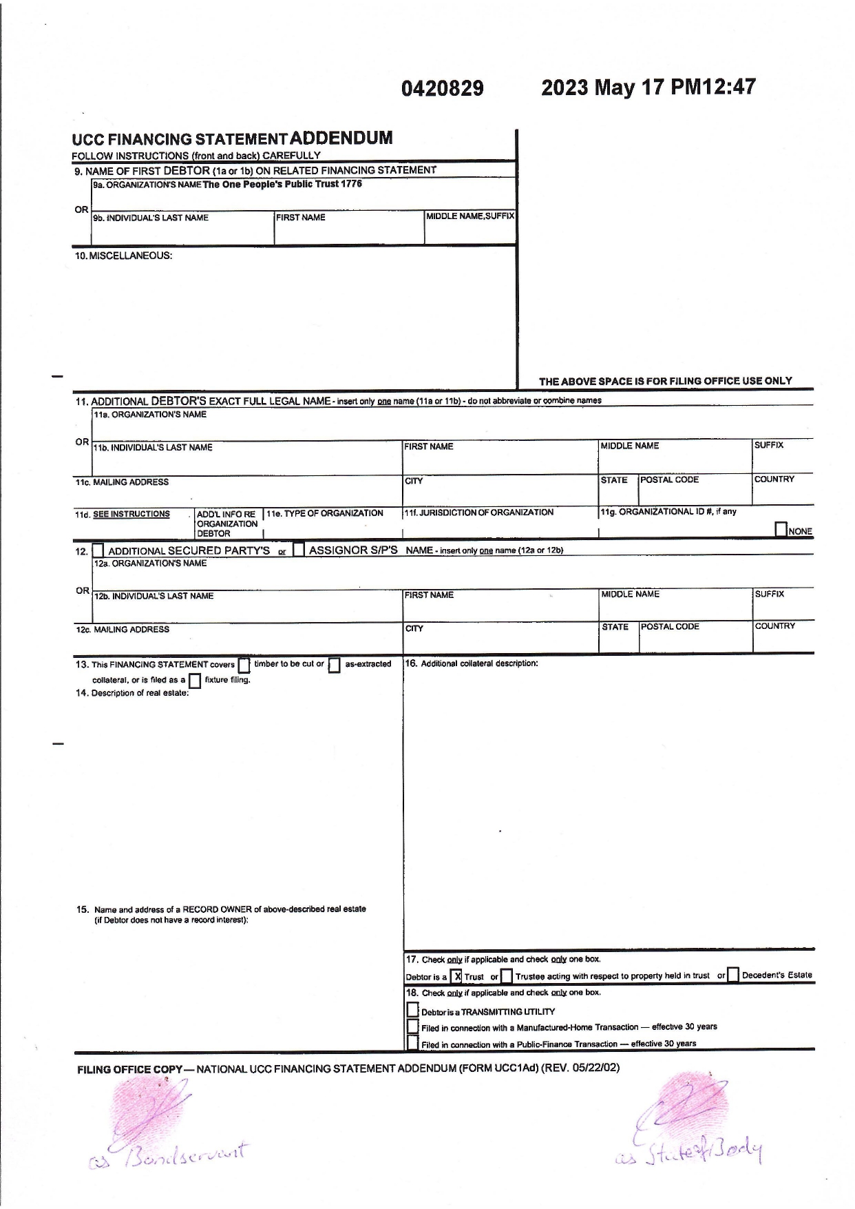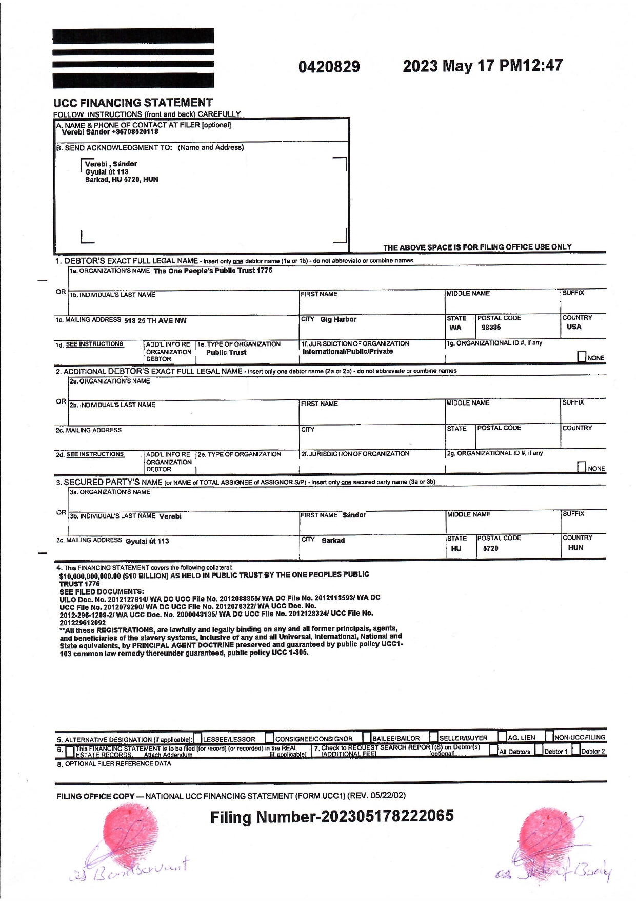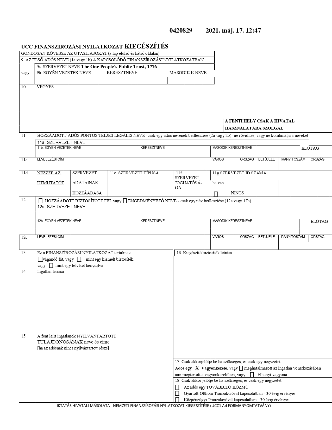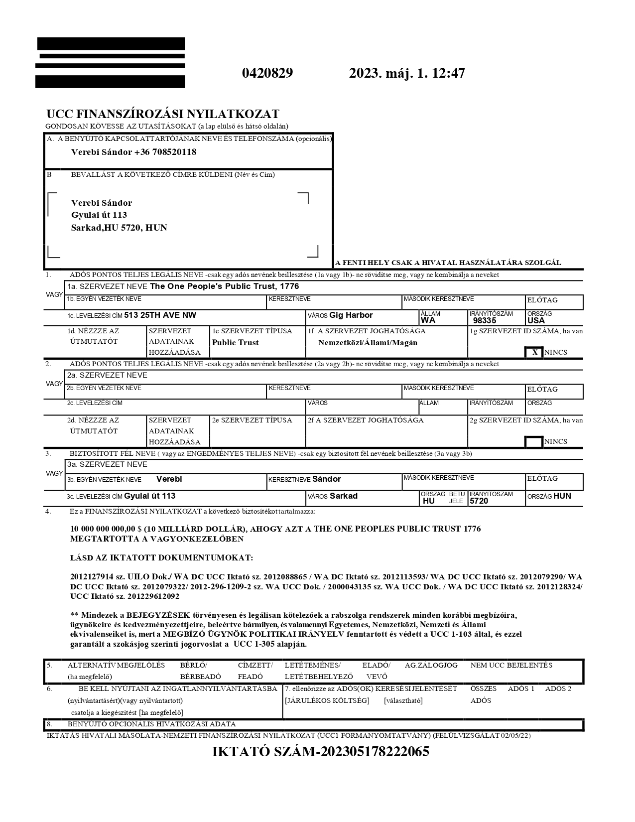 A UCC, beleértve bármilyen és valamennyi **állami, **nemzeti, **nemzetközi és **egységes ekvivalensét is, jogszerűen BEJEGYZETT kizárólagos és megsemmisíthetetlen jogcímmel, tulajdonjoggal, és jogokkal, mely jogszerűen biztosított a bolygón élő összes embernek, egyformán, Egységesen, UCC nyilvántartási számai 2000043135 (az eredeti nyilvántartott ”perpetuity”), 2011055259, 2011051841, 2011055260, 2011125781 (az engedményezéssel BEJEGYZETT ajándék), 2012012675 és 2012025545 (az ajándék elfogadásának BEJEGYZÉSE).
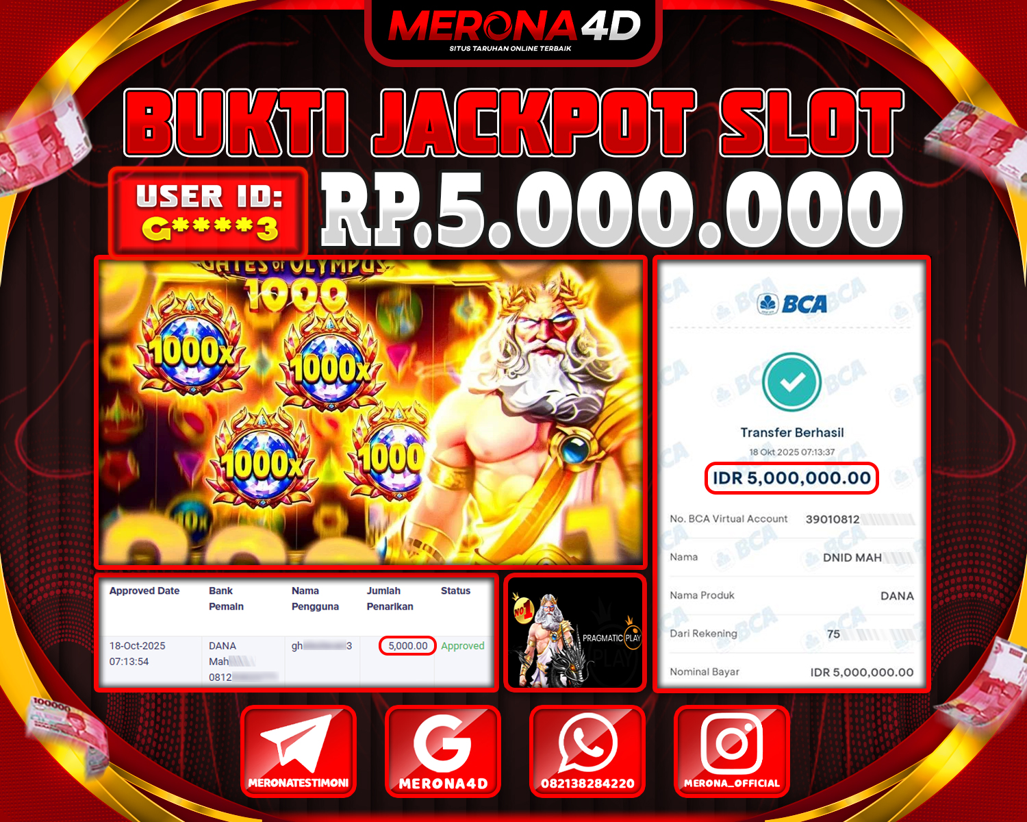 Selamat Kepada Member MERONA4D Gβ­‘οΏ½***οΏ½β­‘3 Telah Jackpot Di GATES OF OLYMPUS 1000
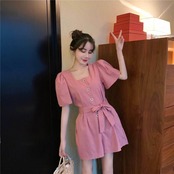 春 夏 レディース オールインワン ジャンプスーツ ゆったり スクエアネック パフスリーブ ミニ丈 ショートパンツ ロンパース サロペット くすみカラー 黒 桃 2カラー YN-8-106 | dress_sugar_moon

## [TO DO]
Copy out all the data exactly. No images belong in the copy.

## [EXERCISE SOLUTION]
 A UCC, beleértve bármilyen és valamennyi **állami, **nemzeti, **nemzetközi és **egységes ekvivalensét is, jogszerűen BEJEGYZETT kizárólagos és megsemmisíthetetlen jogcímmel, tulajdonjoggal, és jogokkal, mely jogszerűen biztosított a bolygón élő összes embernek, egyformán, Egységesen, UCC nyilvántartási számai 2000043135 (az eredeti nyilvántartott ”perpetuity”), 2011055259, 2011051841, 2011055260, 2011125781 (az engedményezéssel BEJEGYZETT ajándék), 2012012675 és 2012025545 (az ajándék elfogadásának BEJEGYZÉSE).
 Selamat Kepada Member MERONA4D Gβ­‘οΏ½***οΏ½β­‘3 Telah Jackpot Di GATES OF OLYMPUS 1000
 春 夏 レディース オールインワン ジャンプスーツ ゆったり スクエアネック パフスリーブ ミニ丈 ショートパンツ ロンパース サロペット くすみカラー 黒 桃 2カラー YN-8-106 | dress_sugar_moon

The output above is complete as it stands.